Der radikale Wirtschaftsreformer Javier Milei (53) hat Argentinien aufgerüttelt. Als neuer Präsident und bekennender Anarcho-Kapitalist schwang er bei Wahlkampfreden gerne einmal die Kettensäge gegen die alte Ordnung – ein Sinnbild für viele seiner radikalen Entscheidungen seitdem.
Milei hat Tausende Staatsangestellte entlassen, Subventionen und Sozialprogramme in Argentinien gekürzt und ist noch lange nicht fertig. Die Folge: Unruhen und Streiks im ganzen Land. Doch wie tief kann das Land noch fallen? Bereits zu Mileis Wahl war Argentinien wirtschaftlich am Boden. Blick zeigt dir die Punkte, die sich seit dem gewandelt haben.
Erster Überschuss im Staatshaushalt
Im April konnte Milei punkten: Der ultraliberale Populist verkündete in einer TV-Ansprache einen Überschuss im Staatshaushalt. Es ist der erste in 15 Jahren. Der Präsident will mit seiner Rede zum Volk Hoffnung machen: «Ich möchte allen Argentiniern sagen: Ich verstehe, dass die Lage schwierig ist. Aber wir haben bereits mehr als die Hälfte des Weges zurückgelegt.»
In seiner TV-Ansprache kündigte er das «Ende der Inflationshölle» an. Doch der Erfolg hat seinen Preis: Mileis Sparpolitik sieht massive Einschnitte vor – er hat bereits Tausende Jobs im öffentlichen Sektor gekürzt und Sozialleistungen wie Bildungsprogramme reduziert. Die Kritik wird lauter: Milei konfrontiere viele mit Armut und gefährde die Zukunft des Landes.
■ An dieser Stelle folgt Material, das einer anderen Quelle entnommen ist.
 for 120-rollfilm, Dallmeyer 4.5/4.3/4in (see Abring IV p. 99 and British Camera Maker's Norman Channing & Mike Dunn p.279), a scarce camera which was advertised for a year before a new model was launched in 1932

Inflation auf einem Jahrzehntehoch
Auch wenn Milei – dank der drastischen Massnahmen notabene – den Staatshaushalt aufpeppen konnte, bleibt die Inflation weiter hoch. Argentinien hat seit Jahren eine der höchsten Teuerungsraten der Welt. Die Inflation beträgt aktuell knapp 300 Prozent. Zum Vergleich: Bei Mileis Amtseintritt lag die Teuerungsrate noch bei 160 Prozent.
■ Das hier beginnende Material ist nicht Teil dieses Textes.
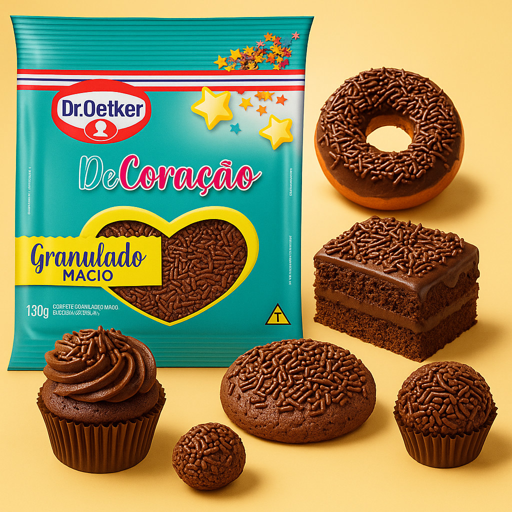 Decore suas Sobremesas com Sabor e Estilo: Granulados Dr. Oetker – 130g - Kit Com 2 unidades - Escolha o Seu Preferido. Adicione um toque especial às suas receitas com os granulados Dr. Oetker. Disponíveis em três versões – Macio, Mesclado e Crocante – esses confeitos são perfeitos para decorar bolos, cupcakes, tortas e outras sobremesas, oferecendo sabor e textura únicos. Conteúdo da Embalagem: - Kit Com 2 unidades de Granulado 130g Cada. (Total 260g) - Escolha Seu Preferido. Granulado Macio – 130g Ideal para quem busca uma textura suave e sabor delicado. Perfeito para cobrir brigadeiros, bolos e outras guloseimas, proporcionando um acabamento clássico e delicioso. Granulado Mesclado – 130g Combinando granulado tradicional com flocos coloridos, essa versão traz um visual vibrante e alegre às suas criações. Excelente para festas infantis e ocasiões especiais, adicionando cor e sabor às sobremesas. Granulado Crocante – 130g Para quem aprecia uma textura mais firme e crocante, essa opção oferece um contraste interessante com o recheio das sobremesas. Ideal para coberturas de bolos e tortas, proporcionando um toque crocante e saboroso. Transforme suas receitas em obras de arte com os granulados Dr. Oetker.

Für die Bevölkerung haben sich vor allem die Preise für Mieten, Körperpflegeprodukte und den Transport erheblich gesteigert, schreibt der «Business Insider». Aber auch in anderen Bereichen macht sich die harte Wirtschaftslage spürbar: Menschen in Argentinien essen deutlich weniger Rindfleisch. Dabei ist Argentinien Spitzenreiter im Fleischkonsum. Seit 2023 sank der Pro-Kopf-Konsum um fast 20 Prozent auf 42,6 Kilo. 2007 ass der Argentinier noch gut 70 Kilo Rindfleisch.
Der Peso ist fast wertlos
Die Menschen in Argentinien leiden unter der schwindenden Kaufkraft. Fast täglich steigen die Preise für Konsumgüter. Während eine Tasse Kaffee in Argentinien vor 2 Jahren noch 200 Pesos kostete, muss man heute dafür 3000 Pesos auf den Tisch legen.
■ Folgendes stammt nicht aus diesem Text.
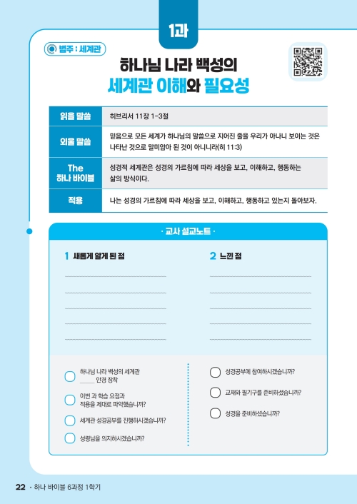 (상반기/합동공과) 하나바이블 : 유년부 1-1 (교사용)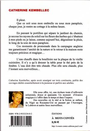 Il pleut. Que ce soit sous mon ombrelle ou sous mon parapluie, chaque jour, je rentre au cottage à la même heure. En passant le portillon qui sépare le jardinet du chemin, je secoue les rayons du soleil sur les fleurs des herbes qui s’ébattent à mes pieds ou je laisse, comme aujourd’hui, dégouliner la pluie, le long de la soie de mon parapluie. Ces moments de promenade dans la campagne anglaise me garantissent l’amitié de la nature et le retour à la maison reste toujours précieux et magique…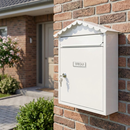 Robust and elegant white steel wall-mounted mailbox, ideal for communities. It offers robust security with an included lock and high weather resistance.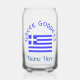 Personalized design shows the Flag of Greece and the words GREEK GODDESS above, in blue letters. Add a name underneath to personalize your can glass or create a customized gift. Fun for Greek-Americans, Greek Canadians, or anyone with Greek heritage, ancestry or culture. YIASSOU! The flag is blue and white stripes with a blue cross on a white background in the upper left area.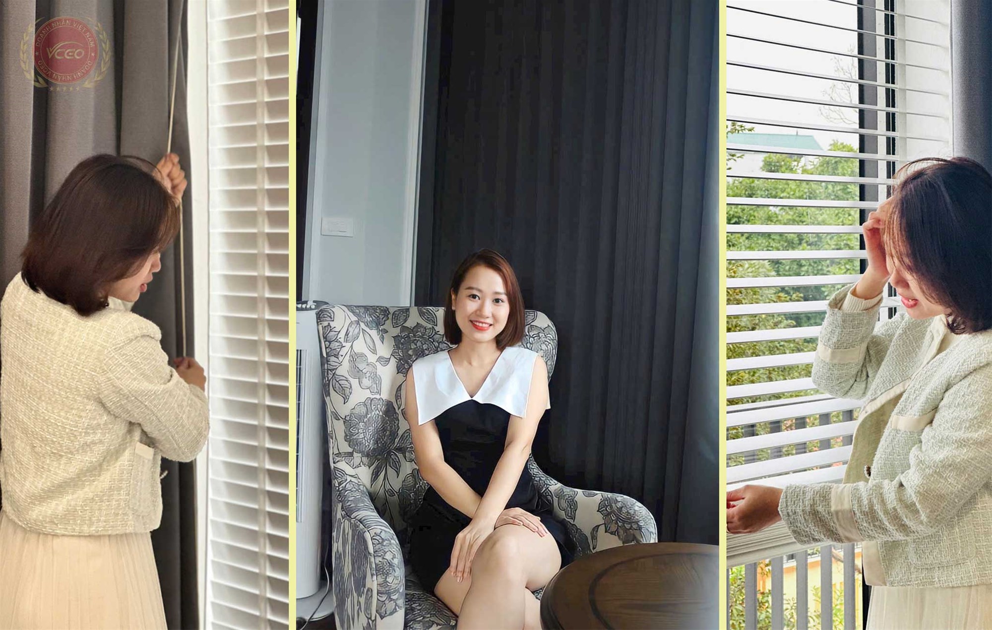 DN. Đỗ Ngọc Mến chụp ảnh bên các sản phẩm rèm cửa cao cấp do bên công ty chị thiết kế và thi công.

Das Geld hat dermassen an Wert verloren, dass Anfang Mai die 10'000-Peso-Note eingeführt werden musste. So viel das auch scheinen mag, umgerechnet beträgt ihr Gegenwert lediglich 10.25 Franken. Eines von Mileis Wahlversprechen war es, den Peso gänzlich abzuschaffen und den US-Dollar als Landeswährung einzuführen. Dieses Versprechen ist wenig realistisch, denn im Parlament steht der Präsident mit seiner Haltung fast alleine da.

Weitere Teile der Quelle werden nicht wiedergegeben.